May refusal to sanction McKinnon extradition could have far reaching effects

gary0mckinnonUK home secretary Theresa May has quashed the extradition of a computer hacker to the USA in a case that may have an effect on future cases involving the technology industry. It was early this afternoon when May decided that Gary McKinnon, the 46-year-old that suffers from autism and is at the centre of the transatlantic court case, could commit suicide if he were extradited on the hacking charges.

May’s statement, as reported by the Guardian, goes as follows:

Since I came into office, the sole issue on which I have been required to make a decision is whether Mr McKinnon’s extradition to the United States would breach his human rights.

Mr McKinnon is accused of serious crimes. But there is also no doubt that he is seriously ill. He has Asperger’s syndrome, and suffers from depressive illness. The legal question before me is now whether the extent of that illness is sufficient to preclude extradition. 

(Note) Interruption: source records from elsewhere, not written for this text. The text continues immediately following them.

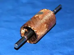 Merkmal der klassischen Gleichstrommaschinen ist ein als Kommutator oder Polwender bezeichneter mechanischer Wechselrichter.[1] Mit dessen Hilfe wird im Motorbetrieb im Rotor ein drehzahlabhängiger Wechselstrom erzeugt. Im Generatorbetrieb wandelt er die vom Rotor gelieferte Wechselspannung in eine pulsierende Gleichspannung um.
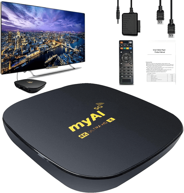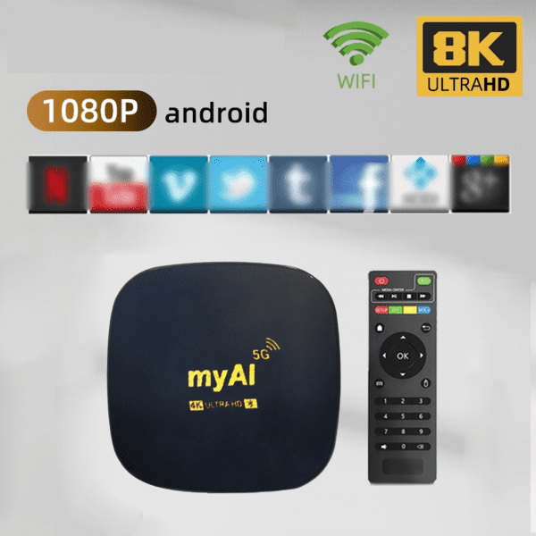 MyAI Android TV Box нуди решение за забава богато со функции што комбинира моќни перформанси, неверојатни визуелни слики и беспрекорни способности за стриминг, што го прави совршен додаток на секое поставување за домашна забава. Трансформирај го твоето ТВ искуство и отклучи свет на бескрајни можности за забава со MyAI Android TV Box.
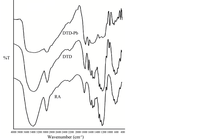 Figure 2. FT-IR spectra of native cellulose (RA), chemically mo- dified cellulose (DTD) and Pb2+ metal ion adsorbed modified cellulose DTD-Pb.
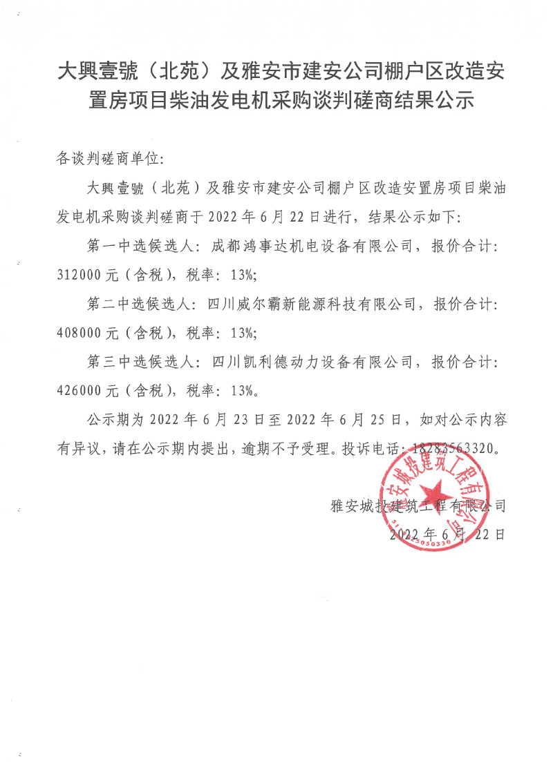 大興壹號(hào)(北苑)及雅安市建安公司棚戶區(qū)改造安置房項(xiàng)目柴油發(fā)電機(jī)采購(gòu)談判磋商結(jié)果公示
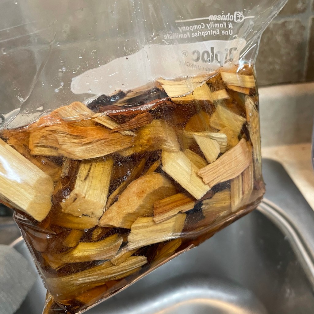 We wasted half an hour soaking the hickory chips; they did not add a thing to the flavor of the ribs. I’m sure the problem was our “smoker” box.
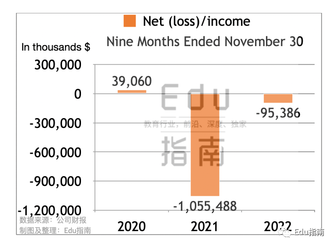 2023财年前九个月好未来公司净亏损为9539万美元,上一财年同期为净亏损10.6亿美元,即本财年该时期净亏损同比收缩91%。2021财年前九个月该公司表现为净盈利3906万美元。
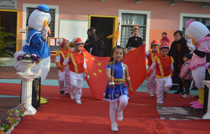 新的一年,開啟新的希望,新的征程,承載新的夢想。2017年2月13日上午8時,燕川幼兒園在操場上舉行了隆重而有意義地開學典禮暨“金雞報春”主題活動。當國歌奏響時,四位升旗手護衛(wèi)著國旗,步履軒昂大步向前走,神氣活現(xiàn),贏得了老師、家長和小朋友們贊賞的眼光,有的家長則成了攝影師,他們拿著照相機,為孩子們記錄下這珍貴的時刻。鮮艷的五星紅旗正伴著國歌迎風飛揚,全體師幼翹首以盼,盼望新學期、新夢想、新收獲。伴隨著激昂有力的國歌,鮮艷的五星紅旗徐徐升起,全場的家長們、師生們跟隨著樂曲唱起了國歌,歌聲嘹亮,悅耳動聽。
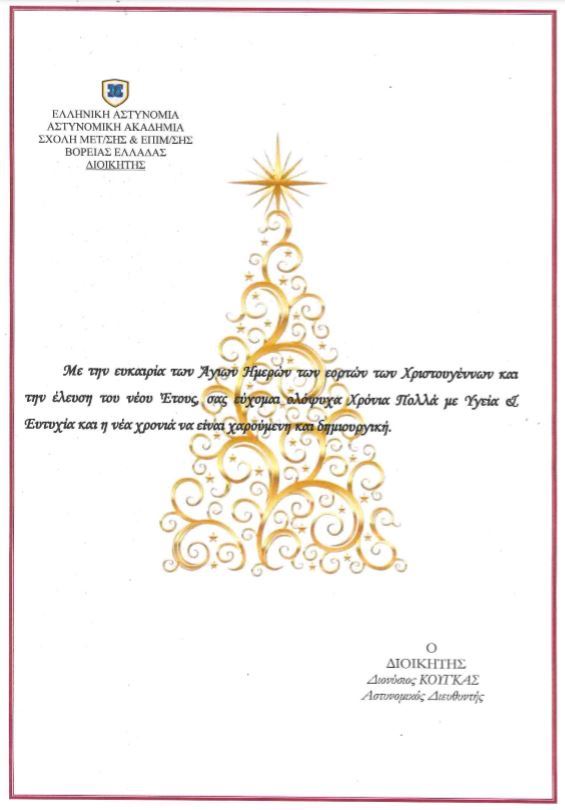 Αστυνομικό Δελτίο Βέροια Χριστουγεννιάτικες ευχές από τον Διοικητή Σχολής Μετεκπαίδευσης και Επιμόρφωσης Ελληνικής Αστυνομίας Βόρειας Ελλάδας Faretra.info 17/12/2018, 10:15 Share on Facebook Share on Twitter Send with mail Φαρέτρα Διονύσιος Κούγκας Σχολή Αστυνομίας Χριστουγεννιάτικες ευχές ΣΧΕΤΙΚΑ ΑΡΘΡΑ Δεν υπάρχουν σχετικά άρθρα.
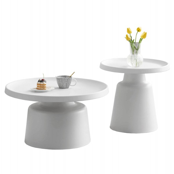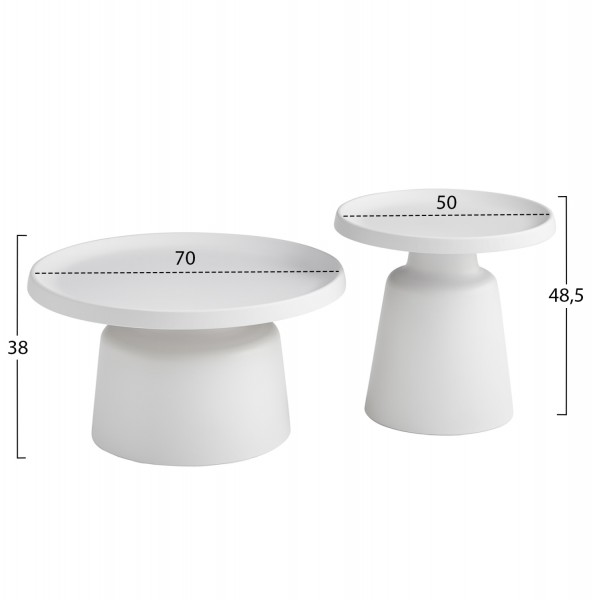 Αυτό το σετ 2 τραπεζιών για το σαλόνι είναι πανέμορφο και πρακτικότατο. Πρόκειται για 2 εξολοκλήρου μεταλλικά τραπεζάκια στρογγυλά διαφορετικών μεγεθών σε ΛΕΥΚΟ χρώμα. Το ένα έχει κωνική βάση που καταλήγει σε όμορφο «λαιμό», και το άλλο έχει κυλινδρική σχεδόν βάση. Ιδανικά τόσο για το σπίτι, όσο και για επαγγελματικούς χώρους. ΔΙΑΣΤΑΣΕΙΣ: Ψηλό: Φ50x48.5Υ εκ. Χαμηλό: Φ70x38Υ εκ. ΥΛΙΚΑ ΚΑΤΑΣΚΕΥΗΣ: Μέταλλο με ηλεκτροστατική βαφή που δίνει τέλειο φινίρισμα και ανθεκτικότητα. ΣΥΝΤΗΡΗΣΗ: Σκούπισμα με ένα μαλακό πανί. Να αποφεύγεται η χρήση χημικών καθαριστικών. ** Η χρωματική απόδοση του προϊόντος ενδέχεται να διαφέρει ελαφρώς σε σχέση με την φωτογραφική απεικόνισή του στην οθόνη σας.
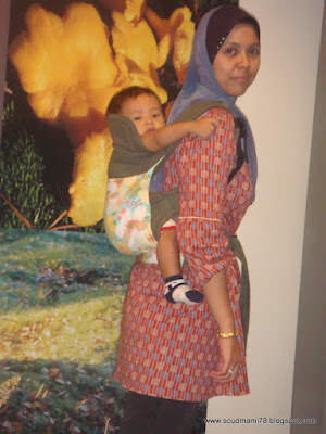 side view -- perfect for him. Tapi aku tak prefer carry dia dalam J ni kalau nak jalan lama.. sebab dia mmg CONFIRMED akan lena.. kalau lena kena pakai kan hood... tak best, kadang2 tak secure sangat, nnt kepala dia teleng kiri teleng kanan plak.. ciannn...
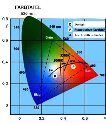 In einem karthesischen, zweidimensionalen Koordinatensystem wird eine Kurve mit den Spektralfarben aufgetragen, wobei der Kurvenzug von der Purpurgerade geschlossen wird. Bei x = y = 0.333 liegt weiss; Die im Farbdreieck verlaufende Kurve enthält die Temperaturwerte in Kelvin, auf die ein Planckscher Strahler gebracht wurde, um die eingetragene Farbtemperatur mit dem dazugehörigen kontinuierlichen Spektrum zu emittieren.
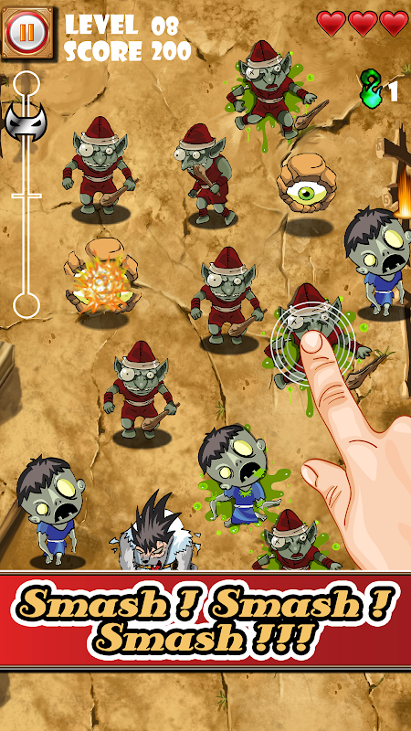 • Survival Mode, test your smashing skills and survive through the deadly waves of monsters. Challenge your friends to break your record.
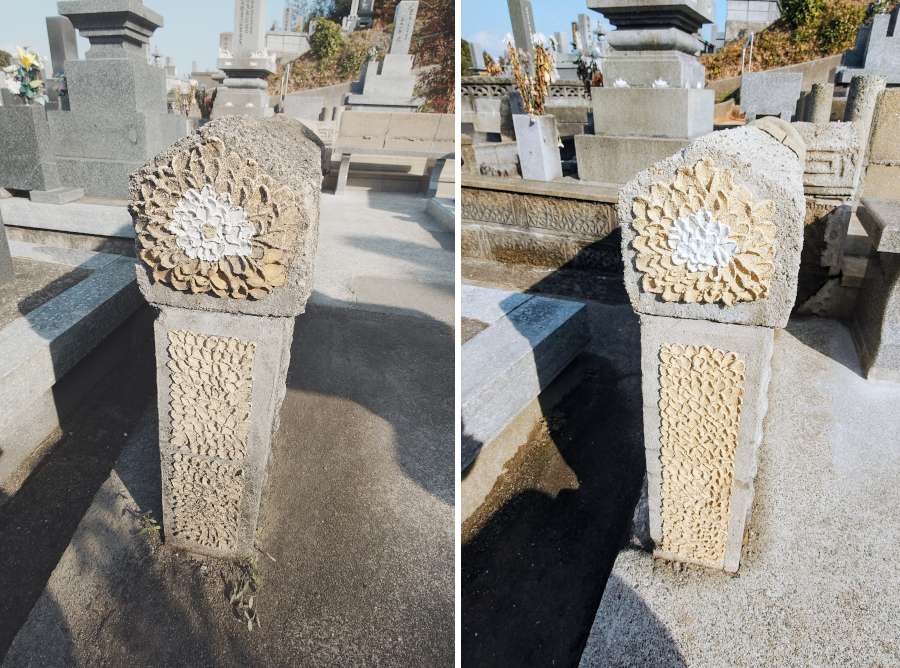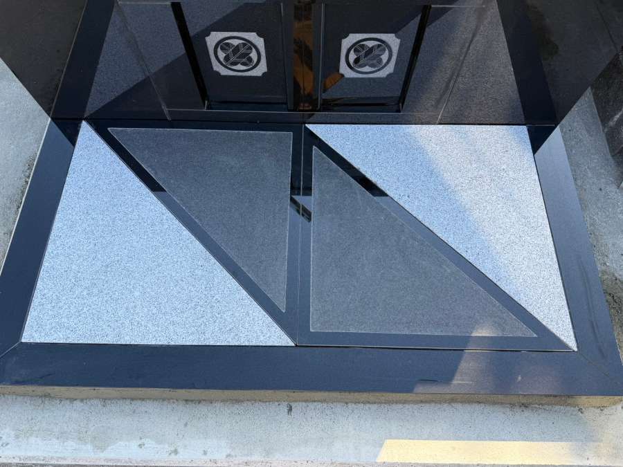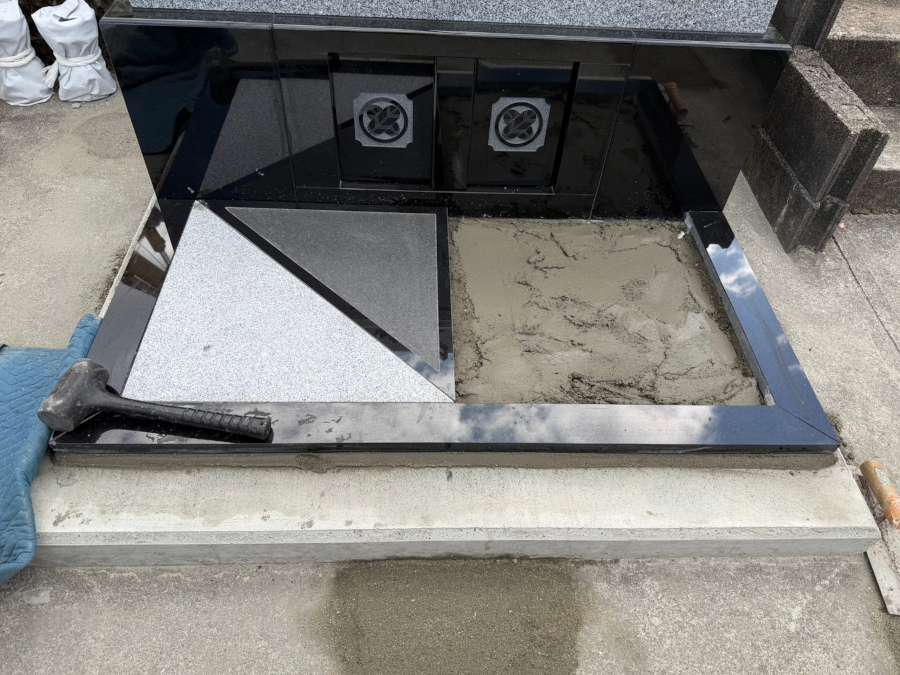 最後にお墓全体に目地コーキングを打ち、花立や香炉を設置して完成です。
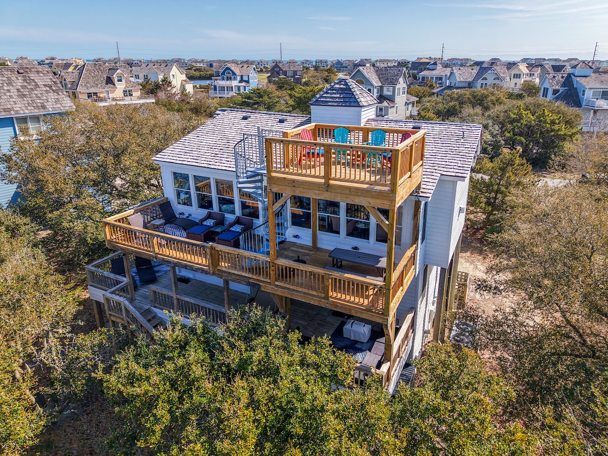 Maligayang Pagdating sa Windwatch Cottage! Isang nakakarelaks na coastal vibe na naghahalo ng lumang world cottage na may modernong disenyo. Ipinagmamalaki ng tuluyang ito ang isa sa pinakamagagandang tanawin sa Outerbanks na may direktang access sa tubig at sariling pier. Humigop ng kape sa umaga na may makapigil - hiningang pagsikat ng araw at maranasan ang makulay na paglubog ng araw mula sa mainit na hot tub! Kunin ang mga paddle board o kayak mula sa aparador, at kunin ang lahat ng tunog na inaalok mula sa tubig. Maigsing lakad lang ang layo ng Oceanside beach, mga coffee shop, restaurant, at bar.

After careful consideration of all of the relevant material, I have concluded that Mr McKinnon’s extradition would give rise to such a high risk of him ending his life that a decision to extradite would be incompatible with Mr McKinnon’s human rights.

I have therefore withdrawn the extradition order against Mr McKinnon. It will now be for the director of public prosecutions to decide whether Mr McKinnon has a case to answer in a UK court.

The news was of obvious relief to McKinnon’s family who have campaigned for 10 long years to get the extradition overturned. McKinnon was accused of hacking into 97 US military and NASA computers between February 2001 and March 2002. It has been called the “biggest military computer hack of all time” and exposed huge security flaws in the country’s computer systems. For the crime, he was set to rot in a US jail cell for as long as 60 years. In recent days some have said that hackers like this should be used to the US’s advantage instead of being punished with the expertise going to waste.

McKinnon’s case could be a ray of light to another man the US is after – TVShack.net founder Richard O’Dwyer – and the changes to extradition law that McKinnon’s case has brought to the fore may limit the scope of the US trying to enforce its laws beyond its borders. The “forum bar”, which has been inserted into Britain’s convoluted extradition treaty with the US, means that if a person can be tried in the UK they will be. It also gives British courts power to “bar prosecution overseas if they believe it is in the interests of justice to do so”.

There have, of course, been no indications that O’Dwyer will kill himself and if it were the case it would have to join a line with the plethora of other complaints about his case. It includes the fact that computer servers were never located in the US and it comes after you take into consideration that O’Dwyer didn’t actually commit a crime. His site was a link aggregator that never hosted copyrighted content. Wikipedia founder Jimmy Wales is one that has come out in support of O’Dwyer and a petition was launched that gained hundreds of thousands of signatures. One of Wales’ main arguments is that convicting these types of people stifles online innovation.

McKinnon’s non-extradition is a good thing for those also fighting against US involvement in their cases – the “forum bar” in particular likely to be of help. Whether it will stop the US enforcing laws is so far unclear. Cases like this can only make their resolve weaker and that’s always a good thing.